A Rare Disease with No Apology
DES embryo fetopathy (DES syndrome, UMLS C0853695) is now recognized as a rare disease. Yet recognition has not been met with accountability. Over ten million Americans were exposed, yet there has never been a comprehensive apology or coordinated support program from the pharmaceutical companies responsible.
Congress has acted in part:
- 1992: Established a national program of research, outreach, and education via the National Cancer Institute and CDC
- 1997: Renewed support for further research and education
- 2011: FDA correspondence referred to DES as “The DES Tragedy”
- 2025: House Resolution 342 introduced, calling for DES Awareness Week, restored research funding, and a formal FDA apology
These milestones are important—but they stop short of full justice.
What Influential Women Should Know — and Demand
The DES tragedy offers crucial lessons:
- Medical innovation requires humility: Drugs for pregnant women must be rigorously studied with long-term, multigenerational vigilance.
- Silence compounds injury: Delayed or opaque responses amplify suffering.
- Apology and accountability matter: Modern healthcare expects transparency, disclosure, and acknowledgment of harm.
- Women’s health is foundational: DES highlights the consequences of medicalizing women’s bodies without adequate research.

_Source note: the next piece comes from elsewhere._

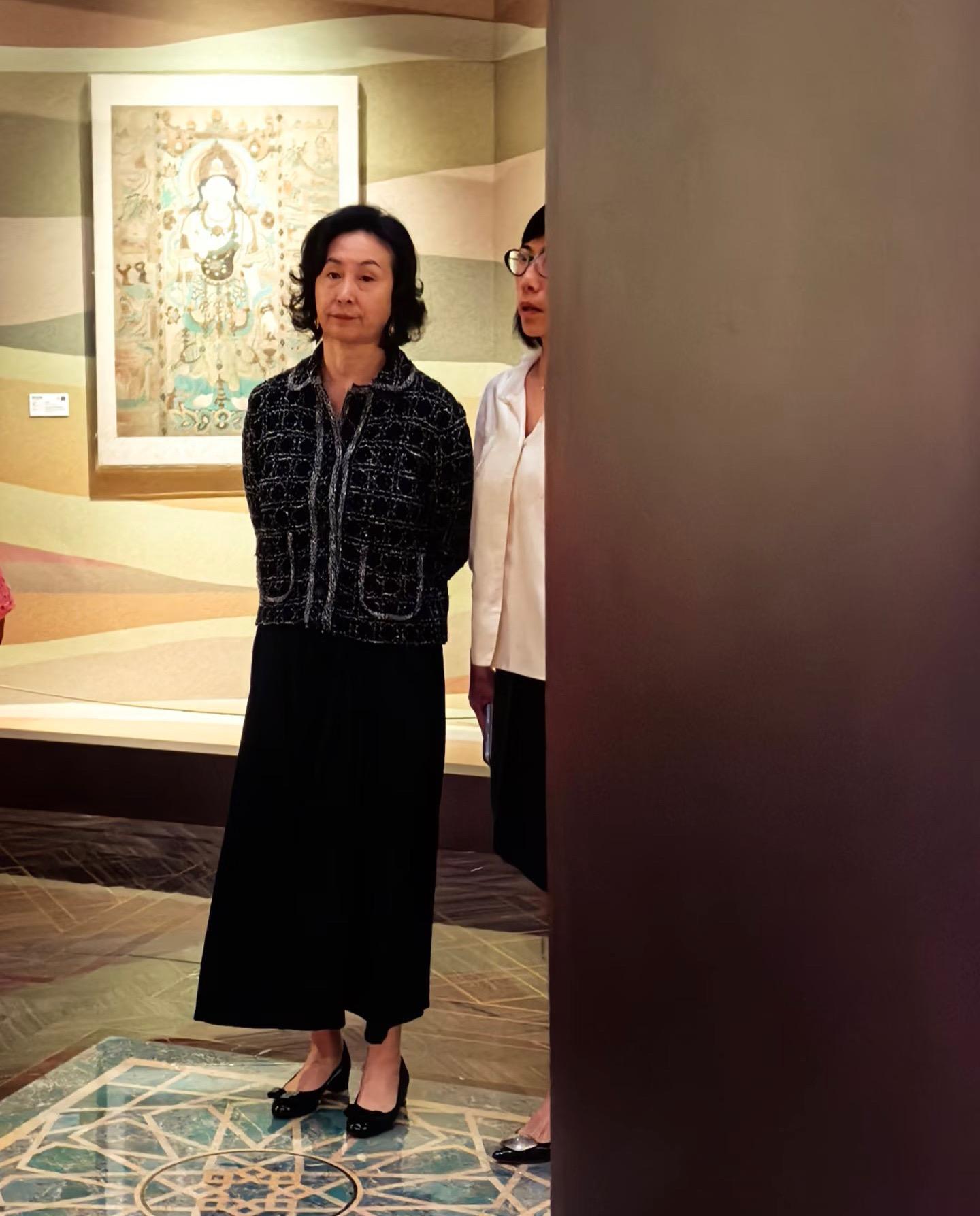 保利美高梅看展的時候,何超瓊也是素面朝天。穿小香風外套、黑色連衣裙,低跟的淺口單鞋。身上散發着文藝範,眼神裏都是故事。

Leadership in women’s health is essential to prevent history from repeating.
A Call to Action
To women in medicine, policy, media, philanthropy, and advocacy: help bring DES out of the shadows. We need:
- Renewed, multigenerational research funding for DES-affected families
- Inclusion of DES history and surveillance guidelines in healthcare education
- Formal acknowledgment and apology from the pharmaceutical industry
- Policies ensuring no drug replicates this scale of unchecked harm
The DES community has carried this story for decades. It is time for the broader world—and influential women—to carry it with us.
We may not yet know the full extent of DES’s impact on future generations, but we know this: silence is no longer an option. Justice demands acknowledgment.
Join the fight: Support DES Awareness Week, April 19–25, 2026.